• WHAT THIS TASK INVOLVES
Repeat the records below exactly, from the first line through the line containing "若您的電腦為第一次啟動本系統", and leave out any pictures.

• EXERCISE MATERIAL
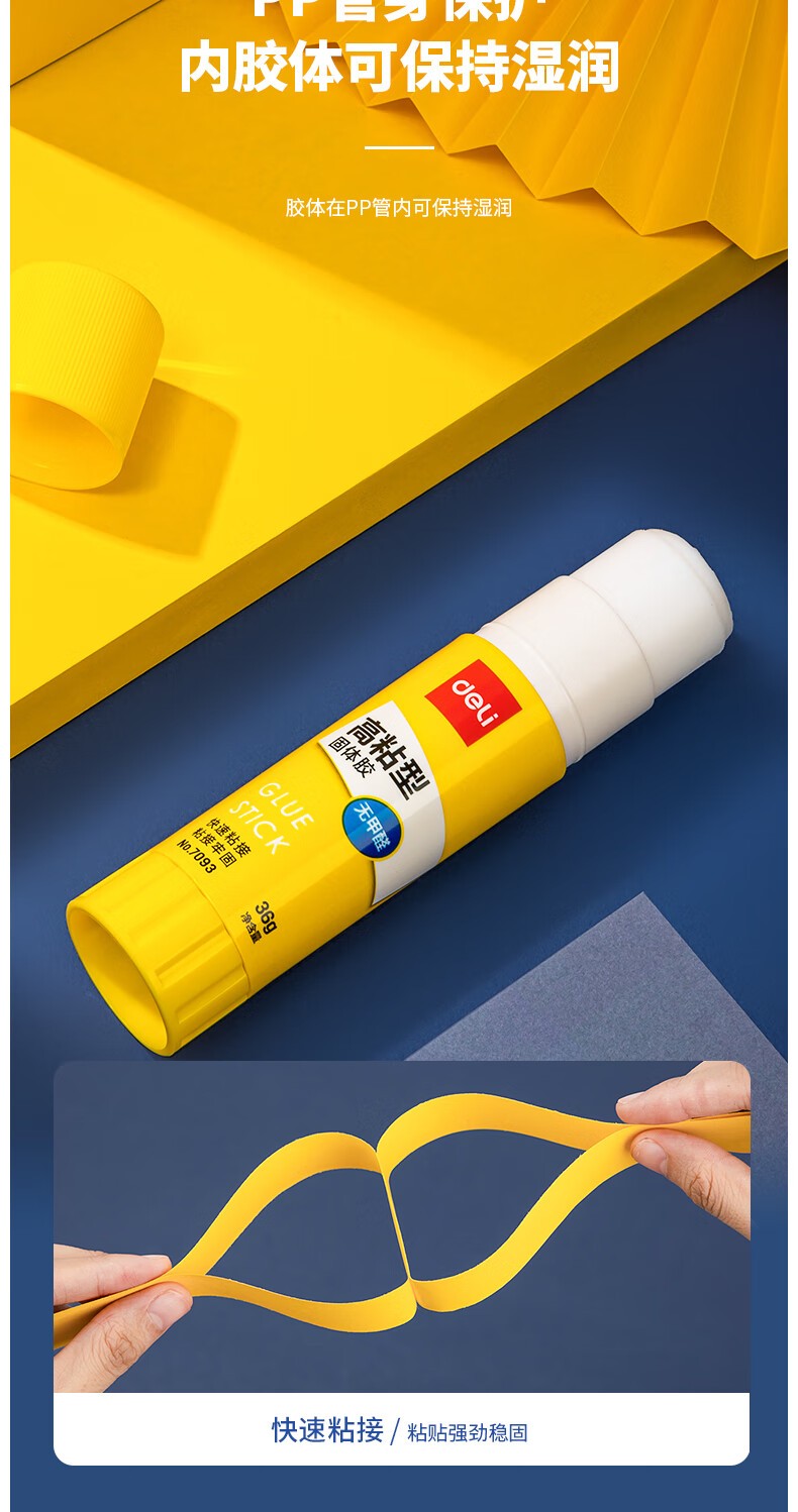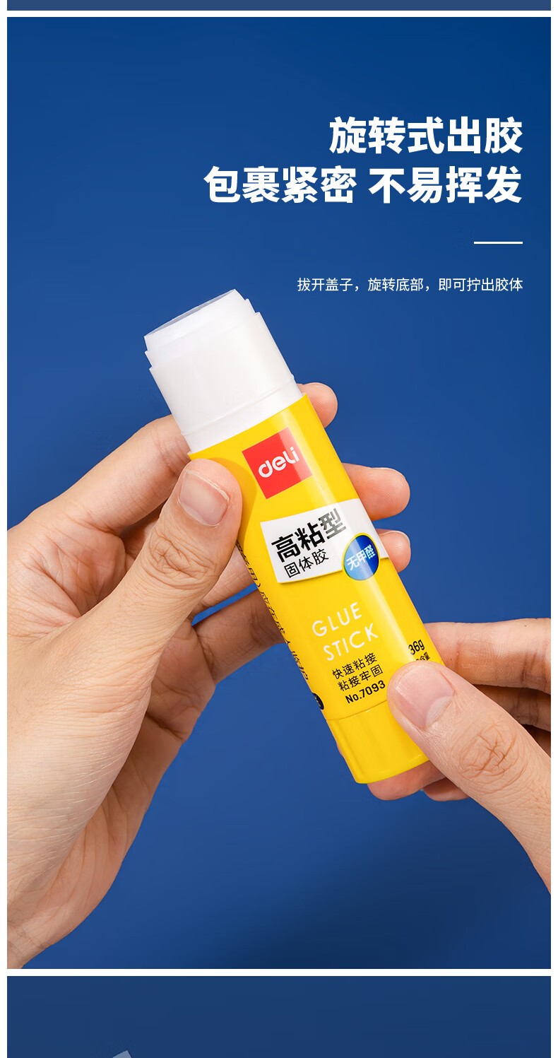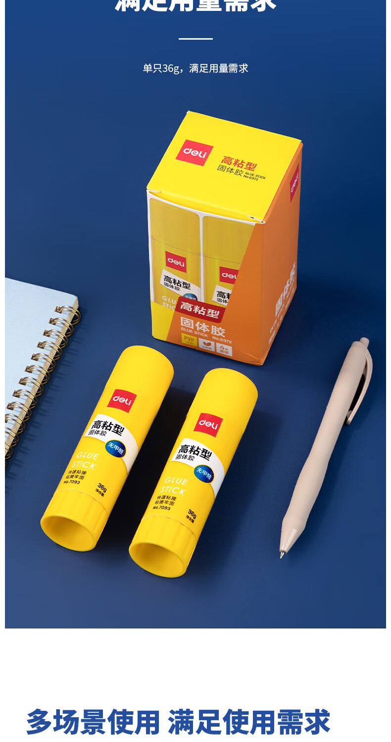 得力/deli 6372 胶棒/固体胶/胶水 36g高粘度PVP固体胶水 无甲醛快干耐用胶棒 强力粘接 学生文具 4支装
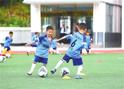 江西省贛州市定南縣第四小學(xué)學(xué)生在踢足球。 資料圖片
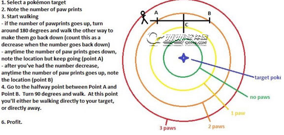 这招简称两点法。找到任意两处三爪变二爪(或二爪变三爪)的变换点,连接两点后沿中垂线走就能找到目标精灵。简单吧?
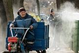 Виды Санкт-Петербурга. Жанровая фотография. Сотрудники парковой службы Летнего сада отмывают ограду.
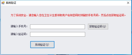 若您的電腦為第一次啟動本系統(tǒng),則需要驗證您的用戶信息。請輸入您在衛(wèi)生計生委領(lǐng)取用戶名和密碼時預(yù)留的手機號碼,收到驗證碼后,輸入即可驗證成功。
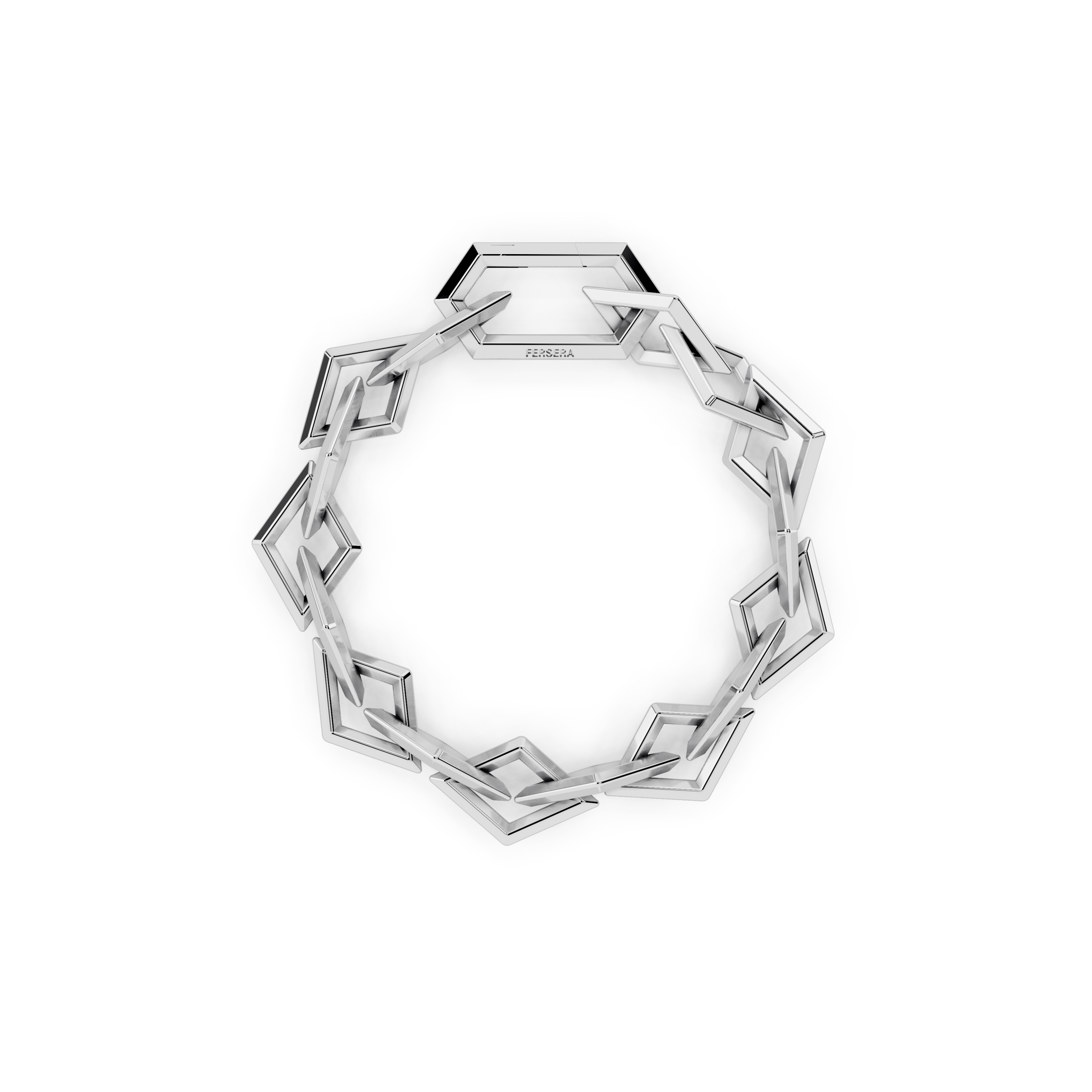 The Sculptor’s Bracelet is a dynamic composition of angular shapes and architectural interlocks. Each link, sculpted in 925 silver plated with palladium and rhodium, reflects light like a suspended architectural element, evoking a refined industrial aesthetic. A sculptural piece of jewelry designed to endure over time, with a bold yet perfectly balanced structure.
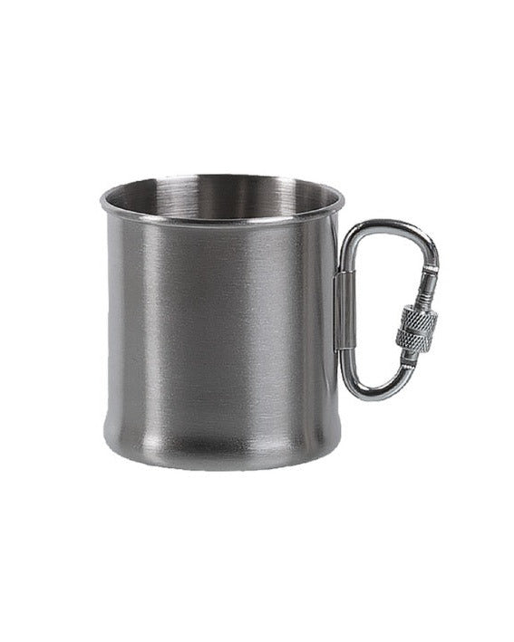 Roestvrijstalen mok 250ml met karabijnhaak is een stevige rvs drinkbeker of kom kan gebruikt worden om iets op te warmen boven een vuurtje.
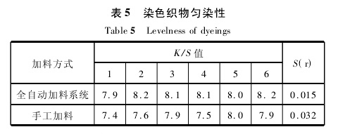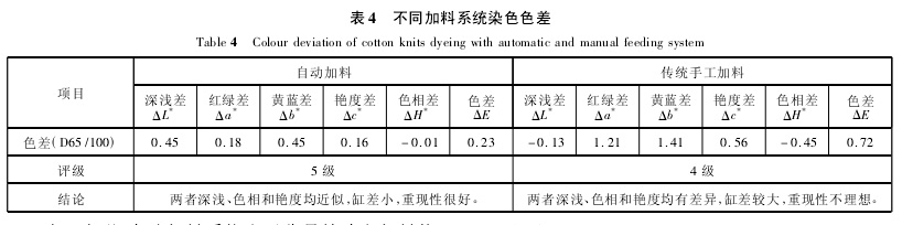 表4表明,自动加料系统由于称量精确和加料均匀稳定,减少了人工称量误差,由此避免了由人为操作引起的缸差,使织物具有较高的符样率,染色重现性比传统后工加料好,提高了染色一次成功率和产品质量。
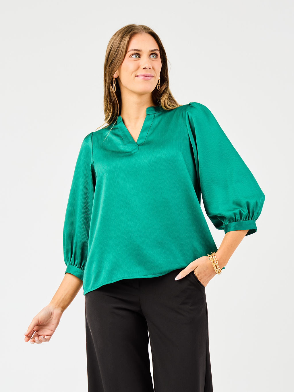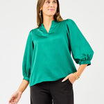 Get ready to turn heads this holiday with the Tamryn Top! Its cheerful green hue and flirty 3/4 length sleeves make it perfect for festive gatherings. Stylish and comfortable, this top brings playful charm to your seasonal wardrobe.
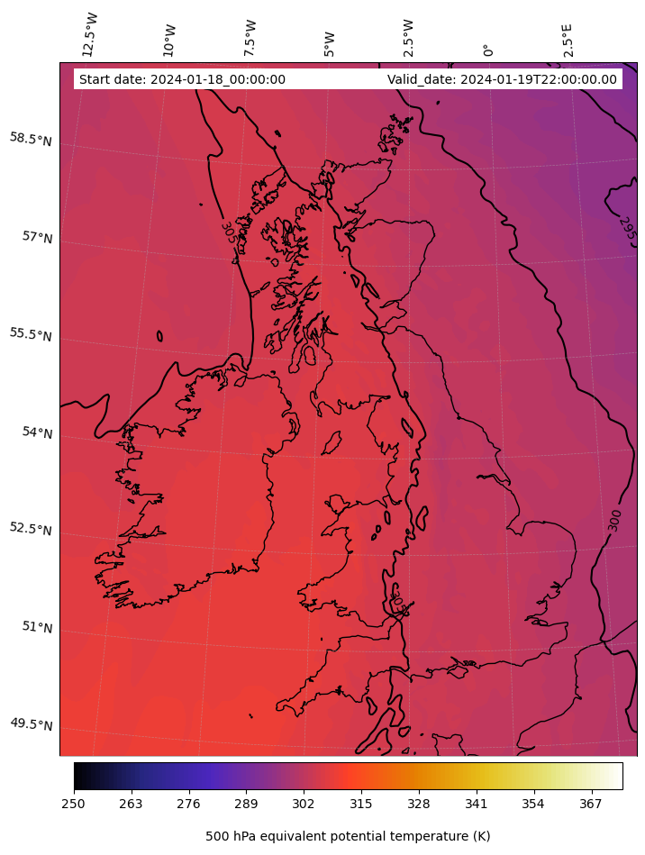 - Equivalent Potential Temperature (K)
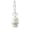 A ceiling light chain set with an adjustable drop of 150-1500mm. A gloss white finish with a white cord, metal ceiling rose and an E27 lamp holder. Suitable for use with LED lamps
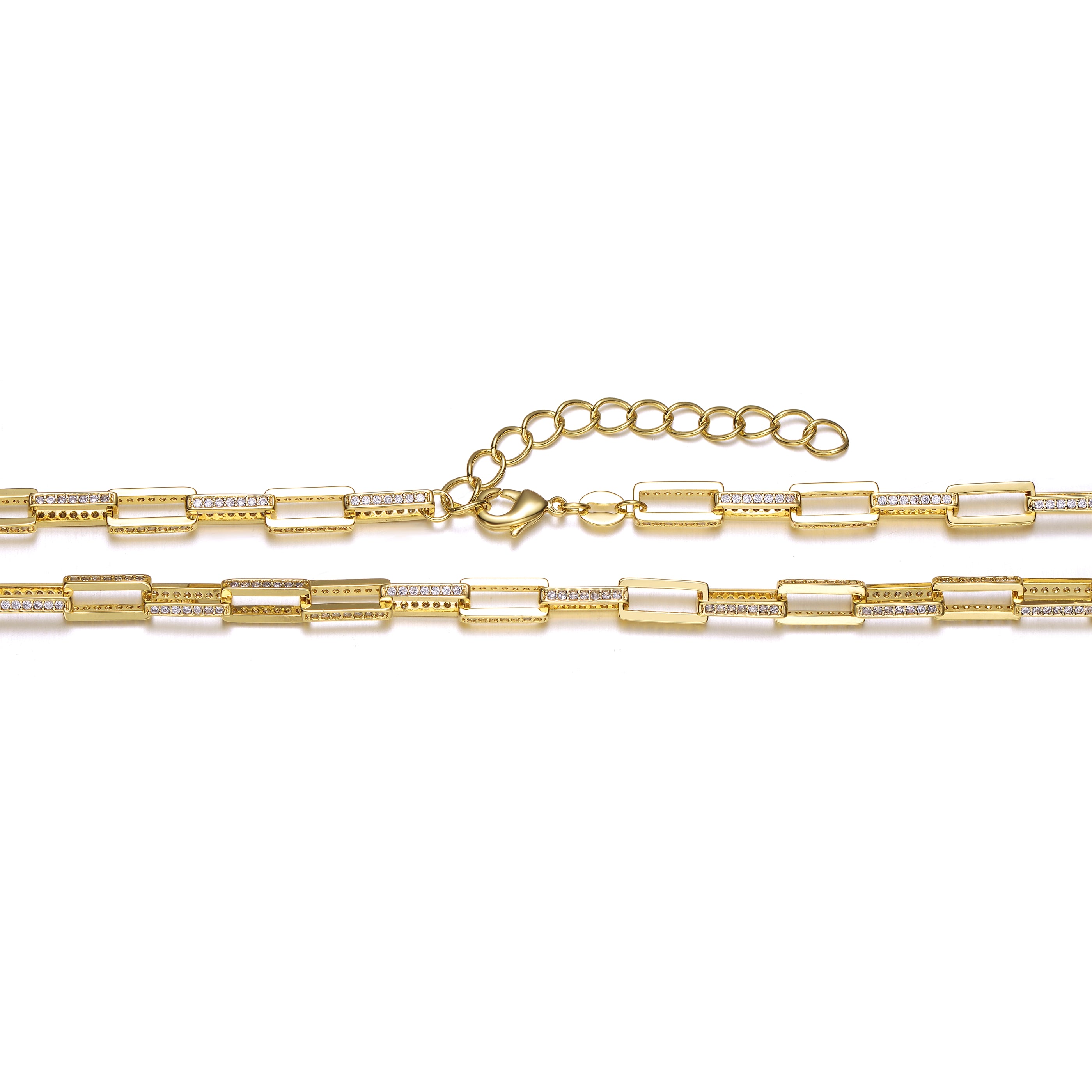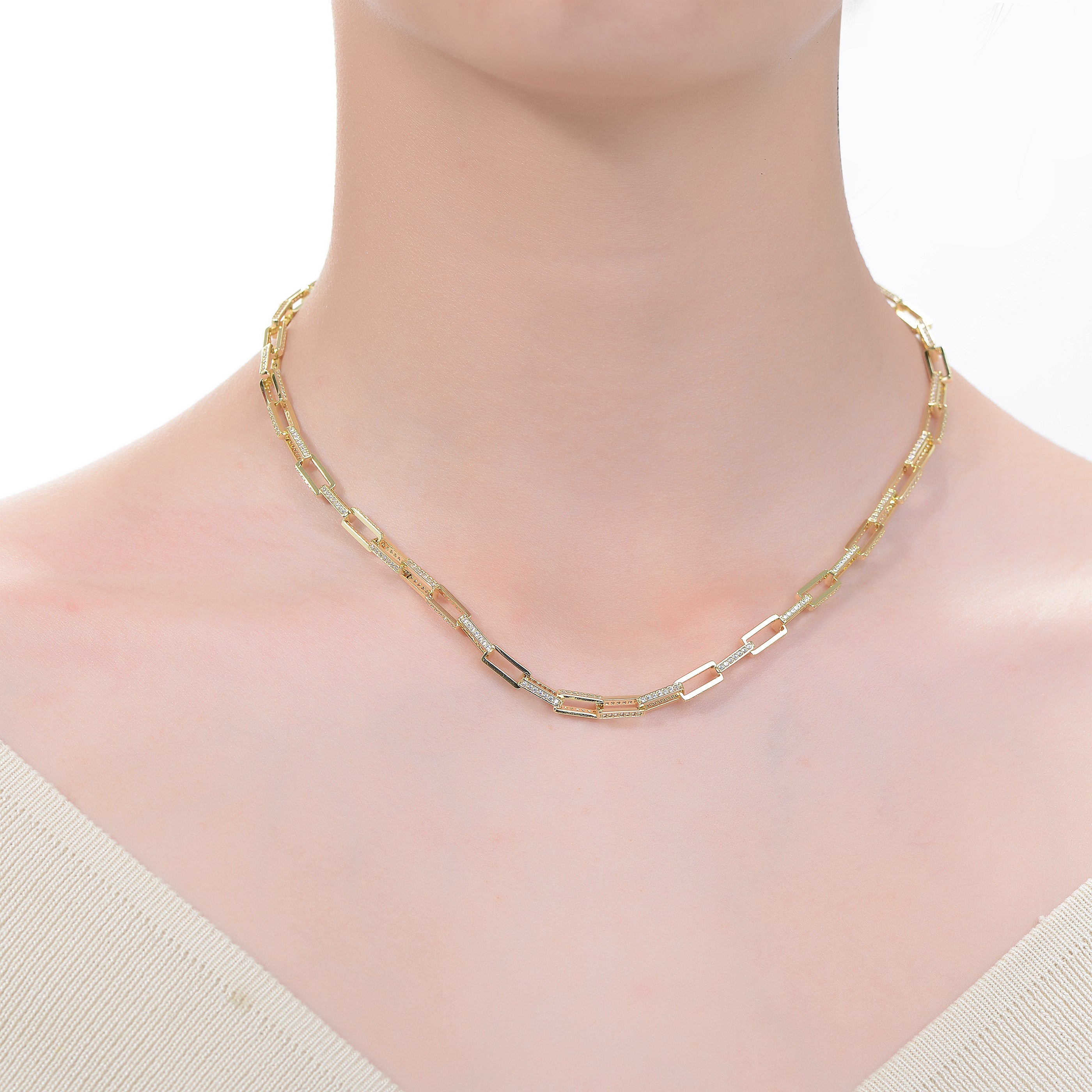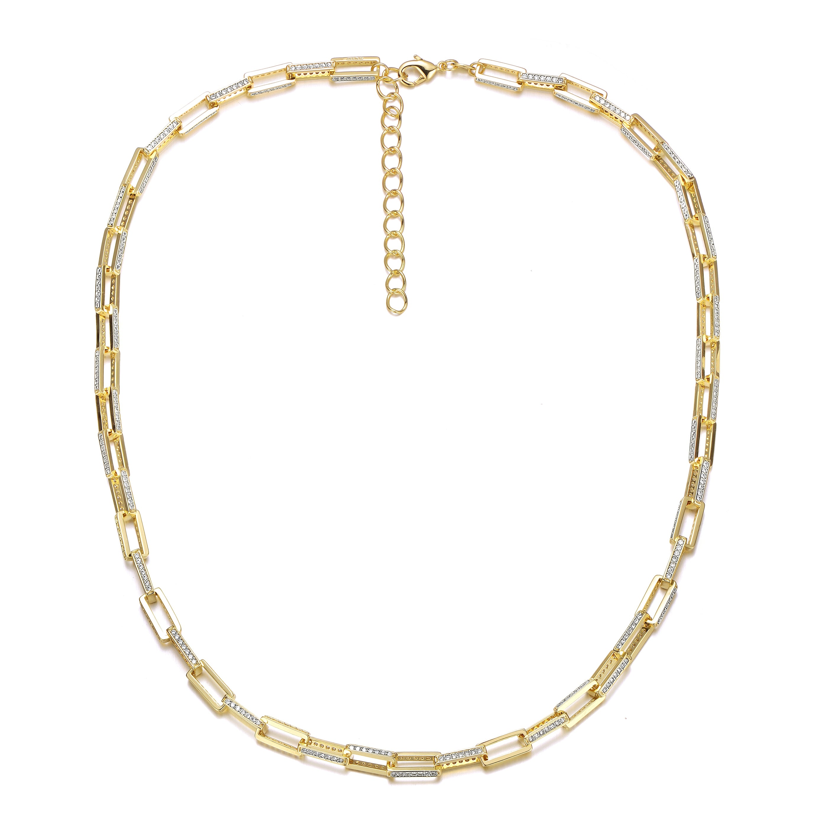 Stylish 14K Gold Plated Necklace. This stylish item features interesting minimalistic design. It is made out of rectangle paper clip link chain, accented laterally with small clear round cubic zirconia stones. Crafted with 14K Gold Plating and secure with a lobster claw closure. Perfect piece of jewelry for all combinations. These also make a sensational gift for a special birthday or occasion.
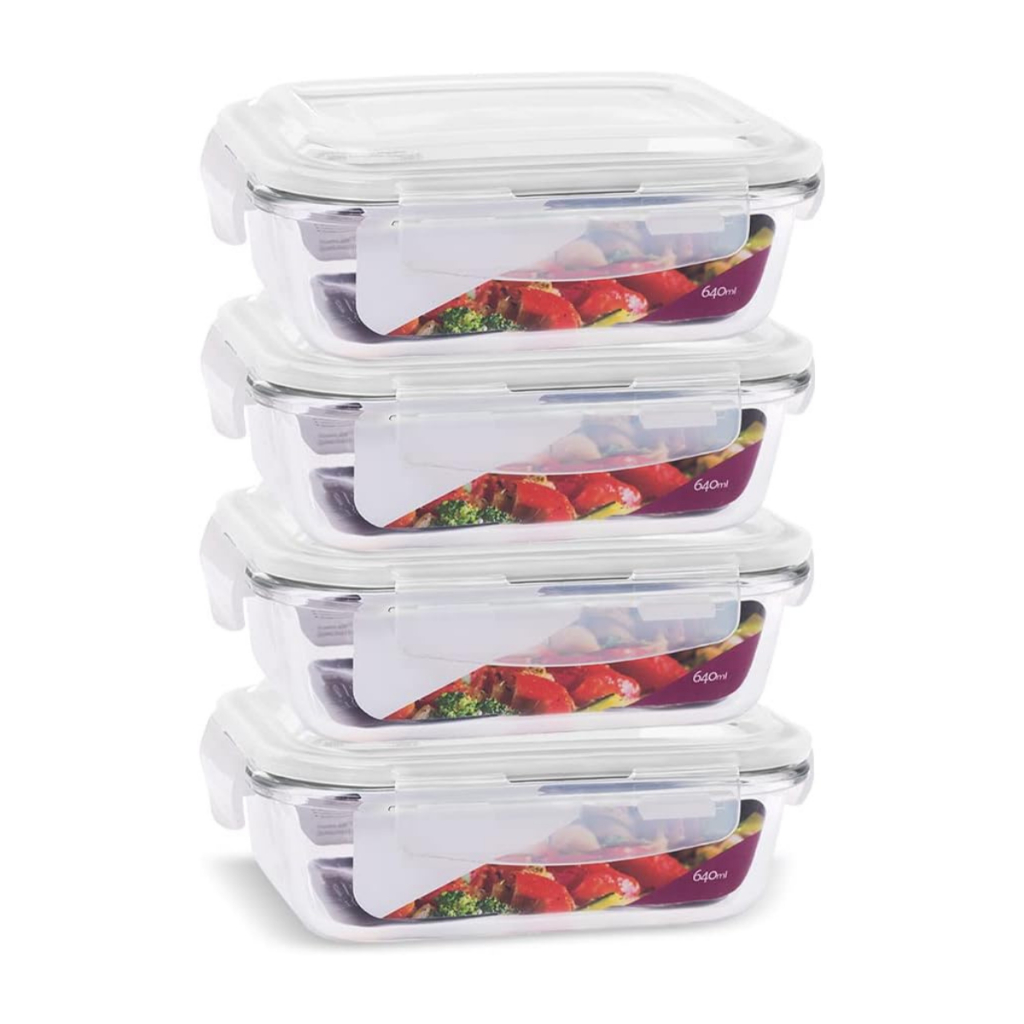 Kit 4 Potes de Vidro 640 ml Hermético Marmita Fit com Tampa 4 Travas
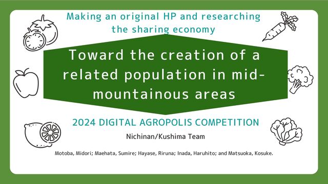 DIGITAL AGROPOLIS COMPETITION Nichinan/Kushima Team Motoba, Midori; Maehata, Sumire; Hayase, Riruna; Inada, Haruhito; and Matsuoka, Kosuke. Toward the creation of a related population in mid- mountainous areas

• EXPECTED OUTPUT
 得力/deli 6372 胶棒/固体胶/胶水 36g高粘度PVP固体胶水 无甲醛快干耐用胶棒 强力粘接 学生文具 4支装
 江西省贛州市定南縣第四小學(xué)學(xué)生在踢足球。 資料圖片
 这招简称两点法。找到任意两处三爪变二爪(或二爪变三爪)的变换点,连接两点后沿中垂线走就能找到目标精灵。简单吧?
 Виды Санкт-Петербурга. Жанровая фотография. Сотрудники парковой службы Летнего сада отмывают ограду.
 若您的電腦為第一次啟動本系統(tǒng),則需要驗證您的用戶信息。請輸入您在衛(wèi)生計生委領(lǐng)取用戶名和密碼時預(yù)留的手機號碼,收到驗證碼后,輸入即可驗證成功。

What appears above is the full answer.